Several more advanced FFT implementations have been proposed, with low memory requirements without compromising speed. In [21], a single radix-4 FFT with partitioned memory is used to implement a 256-point FFT in 6 us complying with the HomePlug standard. The required total RAM memory size is N in this architecture. In [22], a pipeline butterfly module is described requiring N RAM words grouped in two banks. In [23], the FFT implementation for an 8 × 8 Multiple Input Multiple Output (MIMO) OFDM system is described. The 128-point Mixed Radix Multi-path Delay Commutator (MRDC) described in [23] accepts as input the eight streams of the MIMO system. The role of the input and output RAMs is data arrangement between the adjoined OFDM blocks such as OFDM subcarrier assignment and guard interval insertion. It is obvious from the FFT implementations in [21], [22] and [23] that not all of the inputs of the FFT are stored in RAM. In fact in most of the implementations only half of the input values need to be stored initially and the rest are driven directly to the FFT inputs. Consequently, if an FFT implementation requires N RAM words, half of the words are used for input storage and the rest of them are used for intermediate results. In fact, in implementations like [22], even the N/2 words that are initially used for input values’ storage, are also later used for storing intermediate results.
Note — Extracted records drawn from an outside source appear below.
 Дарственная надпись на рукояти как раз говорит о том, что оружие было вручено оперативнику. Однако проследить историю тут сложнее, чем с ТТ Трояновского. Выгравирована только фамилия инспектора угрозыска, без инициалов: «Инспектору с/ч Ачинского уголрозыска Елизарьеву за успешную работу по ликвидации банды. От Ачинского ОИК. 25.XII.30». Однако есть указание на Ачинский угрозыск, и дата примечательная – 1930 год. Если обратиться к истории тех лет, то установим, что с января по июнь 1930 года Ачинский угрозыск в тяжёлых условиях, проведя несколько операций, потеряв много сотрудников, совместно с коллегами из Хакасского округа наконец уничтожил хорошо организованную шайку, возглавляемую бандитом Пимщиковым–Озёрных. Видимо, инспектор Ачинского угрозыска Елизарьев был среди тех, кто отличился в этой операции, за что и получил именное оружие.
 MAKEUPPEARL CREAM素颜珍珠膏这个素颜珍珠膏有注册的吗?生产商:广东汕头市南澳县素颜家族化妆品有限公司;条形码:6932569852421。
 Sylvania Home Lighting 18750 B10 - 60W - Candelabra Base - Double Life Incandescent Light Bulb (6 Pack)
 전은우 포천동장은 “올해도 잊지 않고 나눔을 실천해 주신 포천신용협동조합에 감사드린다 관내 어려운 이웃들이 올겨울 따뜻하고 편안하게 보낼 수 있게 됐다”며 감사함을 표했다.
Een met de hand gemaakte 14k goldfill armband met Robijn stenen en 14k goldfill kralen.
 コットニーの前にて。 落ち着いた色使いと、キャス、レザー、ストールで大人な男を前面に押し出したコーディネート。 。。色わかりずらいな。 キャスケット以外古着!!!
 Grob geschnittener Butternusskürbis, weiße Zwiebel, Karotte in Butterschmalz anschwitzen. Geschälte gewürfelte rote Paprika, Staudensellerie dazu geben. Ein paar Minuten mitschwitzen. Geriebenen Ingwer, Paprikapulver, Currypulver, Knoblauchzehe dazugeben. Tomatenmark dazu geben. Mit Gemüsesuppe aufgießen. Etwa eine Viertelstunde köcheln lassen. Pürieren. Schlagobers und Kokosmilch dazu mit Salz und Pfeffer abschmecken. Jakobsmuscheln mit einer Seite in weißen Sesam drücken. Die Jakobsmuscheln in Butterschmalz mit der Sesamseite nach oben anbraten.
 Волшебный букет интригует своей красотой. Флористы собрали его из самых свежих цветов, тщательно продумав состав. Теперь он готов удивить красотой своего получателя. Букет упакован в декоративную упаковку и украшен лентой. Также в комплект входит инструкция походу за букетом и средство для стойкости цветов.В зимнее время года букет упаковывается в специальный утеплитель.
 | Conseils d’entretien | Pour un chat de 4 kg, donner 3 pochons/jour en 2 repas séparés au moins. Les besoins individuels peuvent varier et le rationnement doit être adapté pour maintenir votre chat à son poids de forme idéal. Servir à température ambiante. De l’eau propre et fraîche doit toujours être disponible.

In this paper, we assumed that in the general case all the input values are stored initially in a RAM buffer and the 25% reduction that can be achieved is referring to this buffer as is the case in [23]. However, if sparse input data are used, then the trivial values appearing at the outputs of some FFT blocks, also affects the storage requirements for intermediate results. Thus, we can state that the 25% reduction in the memory requirements achieved by the proposed undersampling method, applies to the whole FFT architecture. This fact can be demonstrated by the 8-point example FFT architecture described in [22]. By slightly modifying the multiplexing scheme of the Memory Based FFT (MBFFT) presented in [22], the operations needed and the memory required for this 8-point FFT is shown in Figure 5.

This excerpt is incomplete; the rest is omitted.